The cost factors we have mentioned take account only of digitization itself. Experience has shown that further costs are incurred by manual turning, splicing images out of the general frame, and marking. Programming costs and the initial cost of programming the film scanner according to the customer’s requirements must also be considered. Finally, there are the costs of downloading the data, operating the cd-r, the carrier medium, and packing and transport. In cases where individual work and image enhancement with special software are necessary to improve quality, such costs must also be included.

The choice between digitization with a general raising of the resolution on the one hand and with gray scale on the other has an indirect bearing on the cost of the conversion. Higher densities of data mean higher costs in data supply, storage, and handling. The consequential costs of any planned migration must also be taken into account. In cases of need, it may be more economical to digitize a second time from the microfilm rather than to constantly migrate the data.

3.8 Digitization and optical character recognition

Optical character recognition (ocr) is a machine process that turns visible alpha-numeric signs into coded data (codes corresponding to the alphanumeric signs and their context), according to a more or less standard pattern of recognition. There is here a fundamental difference between fully automatic text recognition and trainable recognition that supports pattern recognition with dictionaries, linguistic methods, and features of “artificial intelligence.” The text recognition programs increasingly integrate dictionaries and substitution lists that are adjustable according to the degrees of certainty. To prevent the substitution of inaccurate characters that were wrongly recognized as accurate, systems work with fuzzy logic and probabilities. Some systems include an interesting further feature known as “mixed mode.” Signs or groups of signs that are either not recognized, or not recognized with certainty, are retained as images and remain in that uncoded form, in position in the remaining—correctly recognized—text.

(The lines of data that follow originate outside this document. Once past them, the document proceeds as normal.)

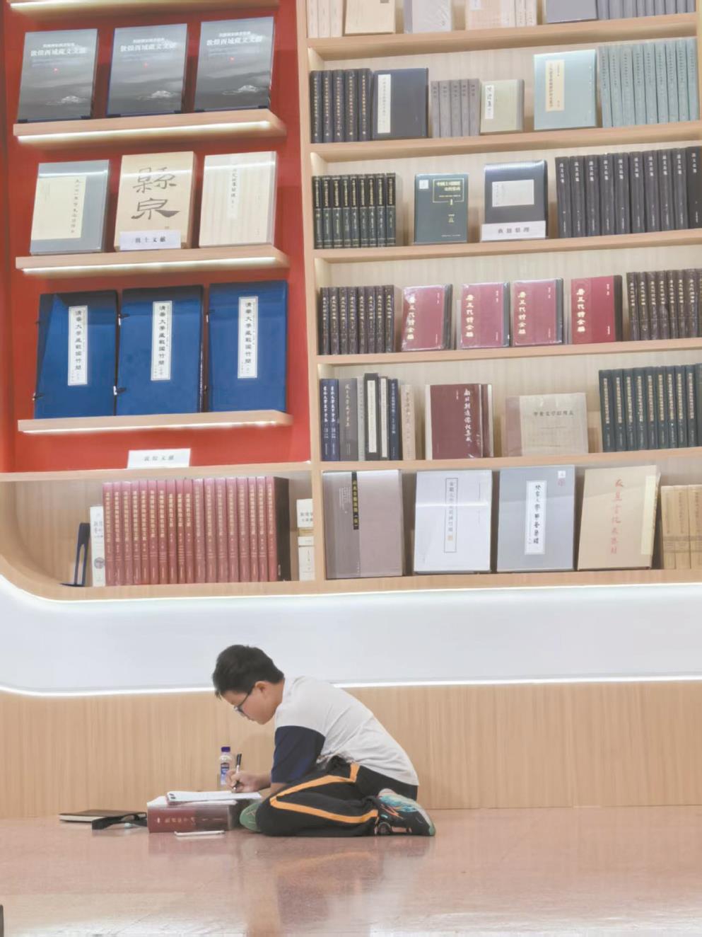 上海世紀(jì)出版集團(tuán)精品展區(qū),12歲少年汪宏嘉席地而坐,伏在厚重的《敦煌學(xué)大辭典》(第二版)上專注抄錄,筆尖沙沙作響,于周身喧囂中辟出一方靜土。鏡片后專注的眼神,紙頁(yè)間流利的字跡,小小身影定格了2025上海書(shū)展令人動(dòng)容的一幕。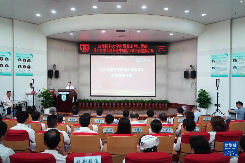 8月21日拍攝的北京同仁醫院第2批援瓦努阿圖中國醫療隊出征授旗活動現場。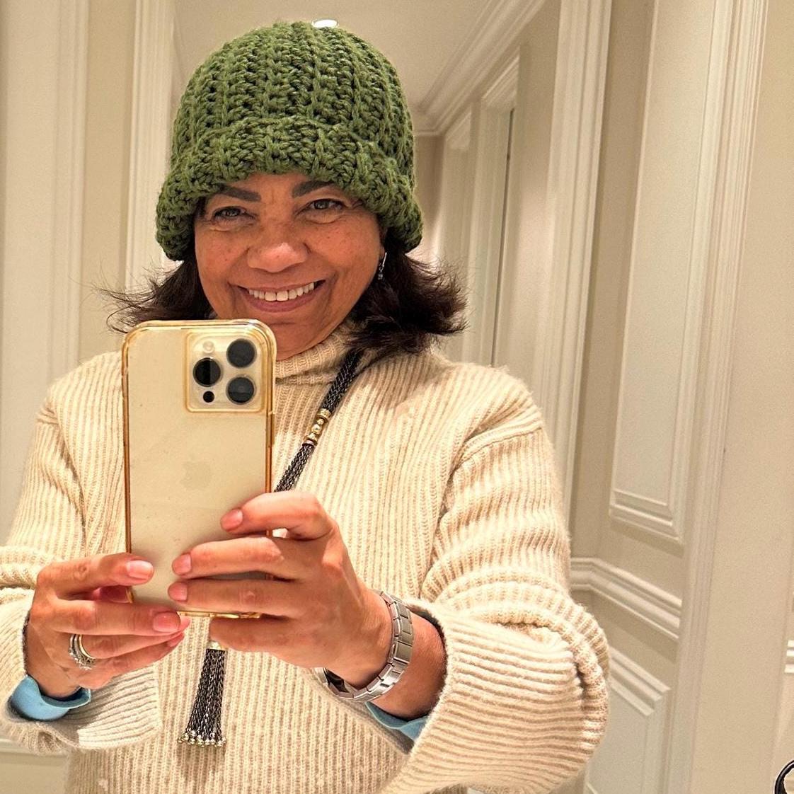Hand crocheted beanie hat made with speckled beige wool blend yarn and faux fur pom pom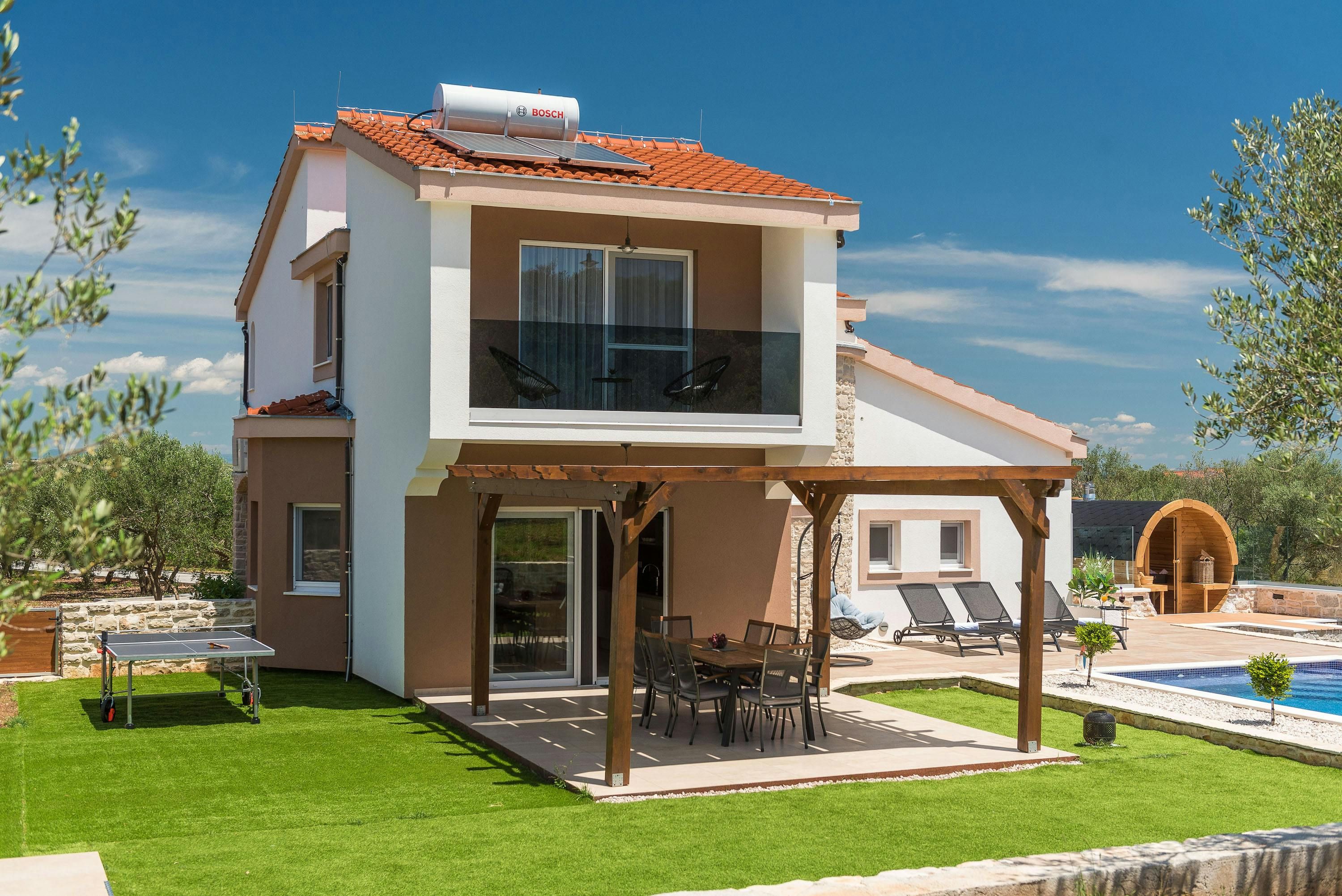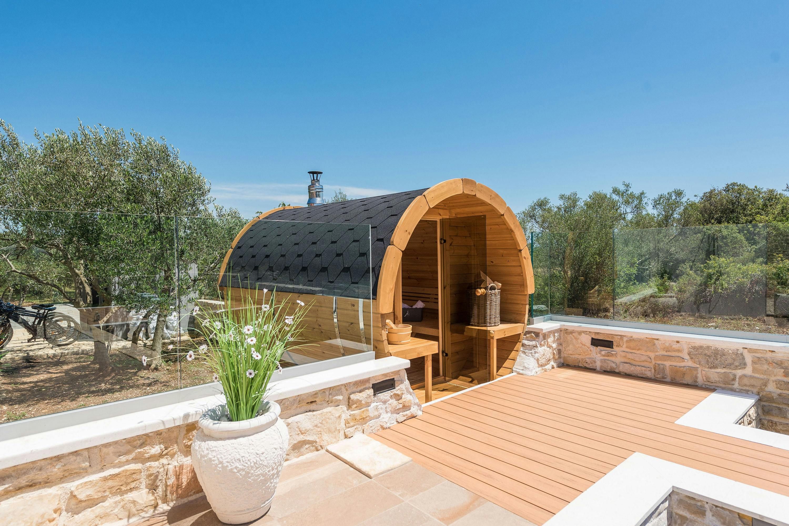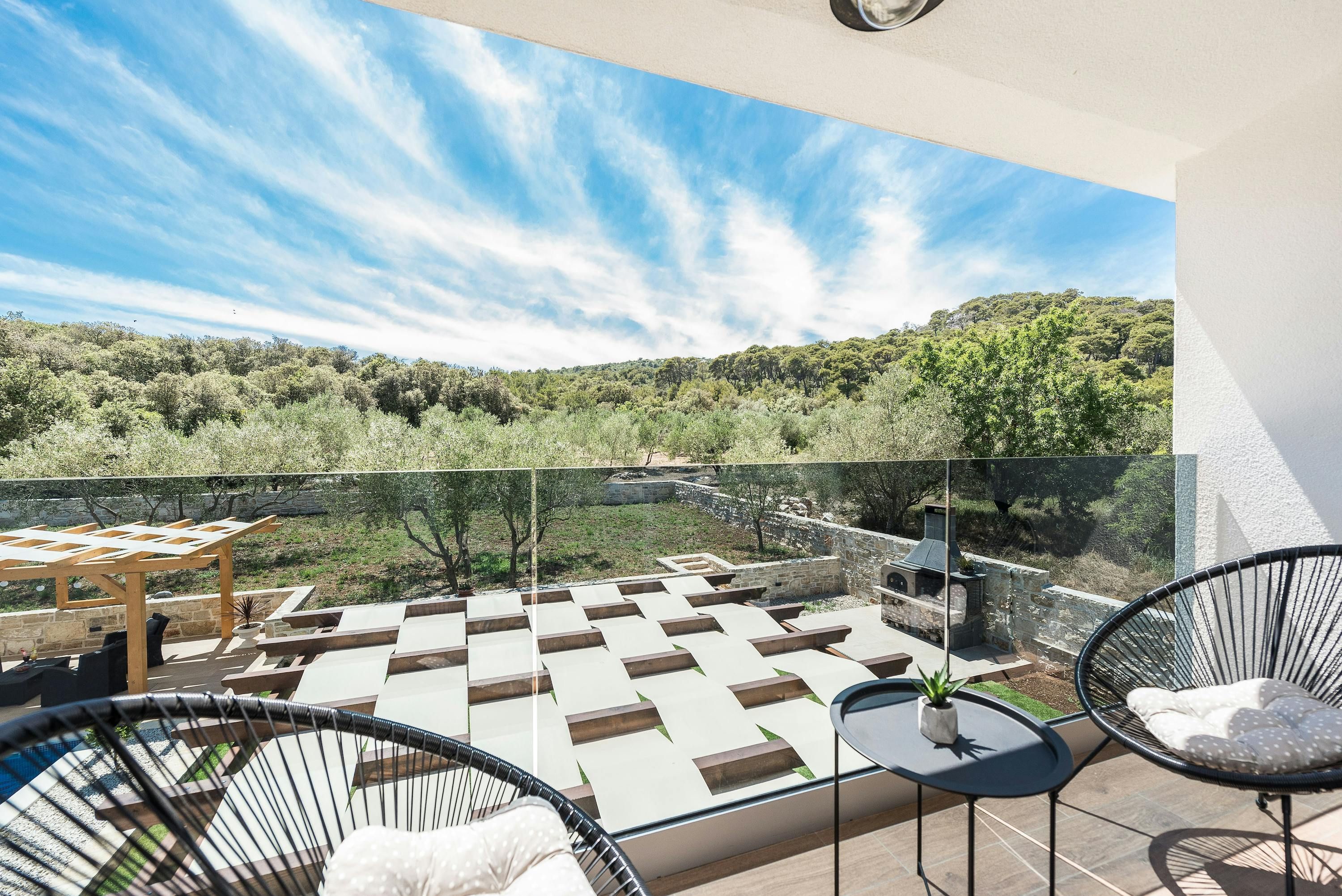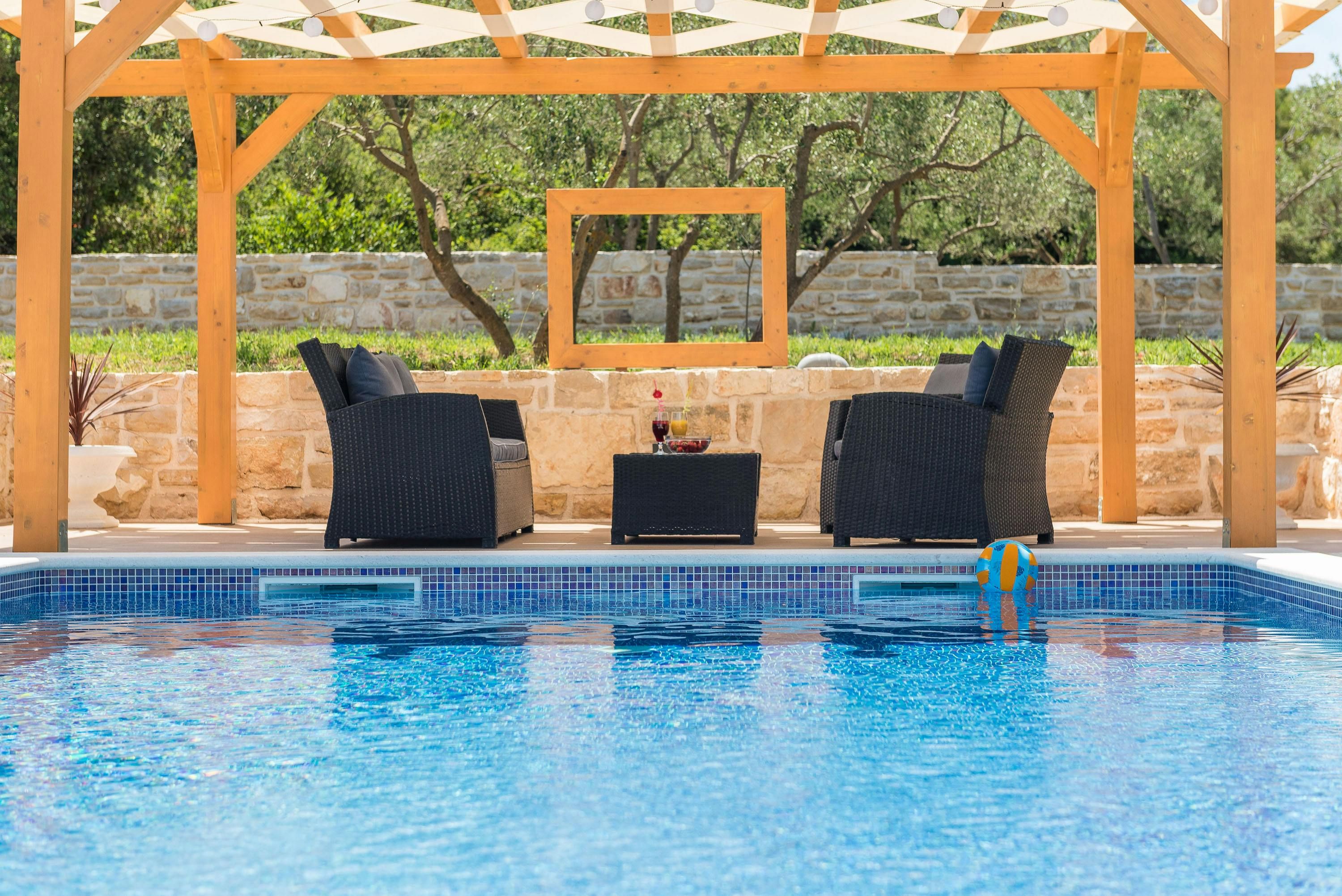 This beautiful finca sits by the sea on the North Dalmatia coast. You’ll be able to easily explore the nearby islands of Tkon and Ugljan by ferry, and will find Kornati National Park close by. Closer to home, Pasman beach is only 400 metres away – the toughest choice you’ll have to make each day is whether to swim in the sea or the private pool. The garden is idyllic, with plenty of shade, a spot for alfresco dining, and a sauna – stress melts away here. The villa is modern and oh-so stylish, with everything you’ll need for a relaxing break.

In addition to reliable text recognition, page segmenting is an essential performance feature of text recognition systems—that is, the interpretation of contextual information such as columns, blocks of text, and graphics. Further features are deskew, segmenting of individual units, and recognition of types of handwriting and signatures or of more than one language in the same document.

The economical cut-off point for machine text recognition is at 99.95%. In other words, if there are more than 4 or 5 mistakes per 1,000 units, processing by hand is more economical.

Reliability of text recognition depends essentially on the background, the kind and size of the writing, and the contrast between text and background. Disruption of text recognition occurs when there is dirt on the material and omissions from the image information caused by incomplete or irregularly printed letters. Reliability also depends on the density of the image information. The greater the amount of image information being processed, the higher the recognition rate. Higher resolution in digitizing can therefore improve the recognition rate, as with digitizing in gray scale.

In principle, the quality criteria we have mentioned also apply to microfilm. The correct standard background density and minimal ground shade are important to achieve high resolution and adequate contrast. Digitizing negative film avoids the disruption caused by dirt and scratches. In practice, there has not yet been enough experience with machine text recognition in conjunction with microfilm to allow the formulation of reliable views.